Bandgap reference voltage generators (alternatively referred to as bandgap reference circuits) are used in a wide variety of electronic circuits, such as wireless communications devices, memory devices, voltage regulators, etc. A bandgap reference circuit often supplies an output voltage that is relatively immune to changes in input voltage or temperature.
A bandgap reference circuit is typically adapted to use the temperature coefficients associated with physical properties of the semiconductor devices disposed therein to generate a nearly temperature-independent reference voltage. A bandgap reference circuit operates on the principle of compensating the negative temperature coefficient of VBE—which is the base-emitter voltage of a bipolar transistor—with the positive temperature coefficient of the thermal voltage VT. In its most basic form, the VBE voltage is added to a scaled VT voltage using a temperature-independent scale factor K to supply the reference voltage Vref, as shown below:
Vref=VBE+K*VT (1)
Because voltage signals VBE and VT exhibit opposite-polarity temperature drifts, parameter K may be selected such that voltage Vref is nearly independent. As is known to those skilled in the art, thermal voltage VT is equal to kT/q, where, where k is Boltzmann's constant, T is the absolute temperature in degrees Kelvin, and q is the electron charge.
In addition to being temperature independent, a bandgap reference circuit is ideally also adapted to supply a substantially stable and unchanging output reference voltage despite variations in the input voltage levels received by or the capacitive loading applied to the bandgap circuit. Accordingly, an ideal bandgap reference circuit output is also immune to ripples or noise that is typically present in the power source supplying voltage to the bandgap reference circuit. However, most bandgap reference circuits exhibit non-ideal characteristics. One measure of the ability of a bandgap reference circuit to suppress or reject such supply ripple or noise voltages is referred to as the power supply ripple rejection (PSRR).
The growth in demand for battery-operated portable electronic devices, such as wireless communications devices and personal digital assistance devices, has brought to the fore need to develop low voltage, low power systems.

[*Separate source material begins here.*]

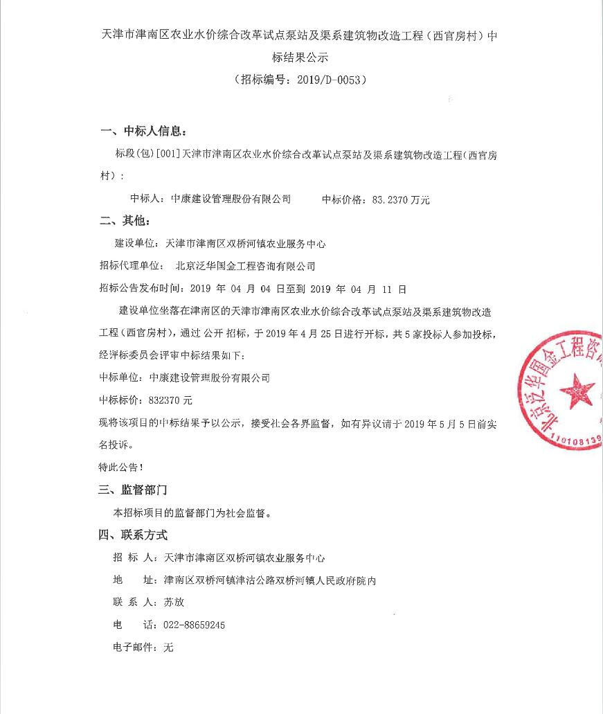 天津市津南区农业水价综合改革试点泵站及渠系建筑物改造工程(西官房村)中标结果公示
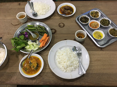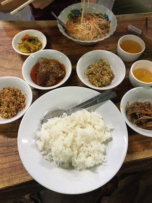 We had paid the Travel gods for our passage. Now it was time for food and sleep. After stowing our bags at the very modest and friendly guesthouse, we found the nearest open joint. It was wonderful to dig into a dinner of Myanmar curry with all of the side dishes. Then is was time for sleep before the next leg of our journey.

For instance, many portable wireless systems are being designed to operate using batteries that supply, for example, 1.3 volts. Designing a bandgap reference circuit adapted to operate at such low voltages poses a challenging task.
In a publication entitled “A Sub-1-V ppm/° C. CMOS Bandgap Voltage Reference Without Requiring Low Threshold Voltage Device”, IEEE Journal of Solid State Circuits, Vol. 37, No. 4, April 2002, pp. 526-530, authors Leung et al. propose a sub-1V bandgap reference voltage formed using a standard CMOS process and that dispenses with the need for low threshold voltage devices (such as those shown in
The sub-1V bandgap reference circuit 10 includes a single loop and a single operational amplifier 12 that receives input voltages from node N1 and N2. Current I is generated by the closed-loop circuitry formed by operational amplifier 12, transistors Q1, Q2, and resistors R1, R2A1, R2B1, R2A2 and R2B2. Current I has the following magnitude:
I=VEB/R2+VT*ln N/R1 (2)
where N is the ratio of the emitter areas of transistors Q1 and Q2, VT is the thermal voltage and where:
R2=R2A1+R2A2=R2B1+R2B2 (3)
Transistors M1, M2 and M2 form a current mirror. Therefore current I flowing through resistor R3 is equal to the current that also flows through transistor M1 or M2. The reference voltage Vref generated by the bandgap reference circuit 10 is as follows:
Vref=(R3/R2)*[VEB2+(R2R*ln N/R1)*VT (4)
Parameter N is selected such that voltage Vref is nearly temperature-independent. As is seen from the above, bandgap reference circuit 10 includes single closed-loop circuitry that causes the same current I to flow through output transistor M3. Therefore, if another output stage (not shown—but similar to that formed by transistor M3 and resistor R3) is disposed between supply voltage Vdd and the ground terminal, it will generate an output voltage with the same nearly zero temperature coefficient as that of Vref.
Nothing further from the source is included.